Glucose control and CVD risk
The interventional studies like ACCORD, VADT and ADVANCE have
not found the benefit of intensive glucose control in reducing the risk
of CVD, as already mentioned by Ilse and Aye in the previous post.
Some studies, such as the ACCORD, have actually found an
increased risk of CVD mortality with intensive glucose lowering and
the reason for this is not completely understood and hypoglycaemia
has been implicated to be a contributing factor.

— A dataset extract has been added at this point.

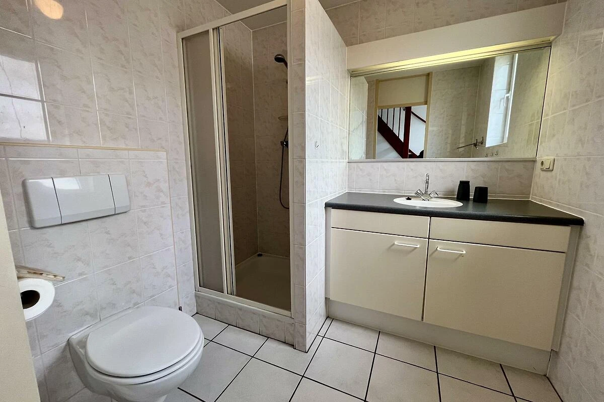 Im ersten Stock befinden sich 3 Schlafzimmer, eines mit einem Doppelbett (2 x Einzelmatratzen) und zwei mit 2 Einzelbetten. Es gibt auch eine zweite Toilette. Im Erdgeschoss befindet sich das geräumige Badezimmer mit Dusche, Waschbecken und Toilette.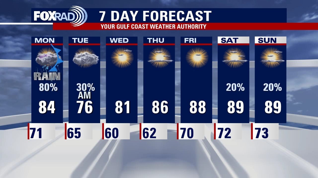 A front moves through southeast Texas Monday afternoon bringing showers and storms. The rain should carry over into the overnight Monday and a few showers extend into Tuesday morning. Skies start to clear on Tuesday afternoon with a pleasant spring day in Houston on Wednesday.

The results from a UK General Practice Research Database , have
suggested a U- shaped relationship between Hba1c levels and CV
events , with the lowest hazard ratio at Hba1c of 7,5%, Maclsaac and
Jerums (2011).
Fang et al (2016), in a meta-analysis of 13 randomized controlled
trials with 58 160 type 2 diabetes patients, found that intensive
therapy reduces major cardiovascular events (MACE)and myocardial
infarction(MI) but had no effect on risk of total mortality, cardiac death
,stroke and congestive heart failure (CHF). The following results were
observed:
◦ MACE:
Relative risk , RR: 0.92, P=0.042
◦ MI:
RR:0.90, P=0.020
◦ Total Mortality:
RR:0.98, P=0.693
◦ Cardiac Death:
RR:1.0 , P0.999
◦ Stroke:
RR:0.94. P=0.333
◦ CHF :
RR:1,19, P= 0.108
Based on the trial results, my conclusion is that glucose lowering
has beneficial effects on reducing cardiovascular risk but other
factors, such as adverse drug effects might contribute to the
increased cardiovascular risk during intensive therapy.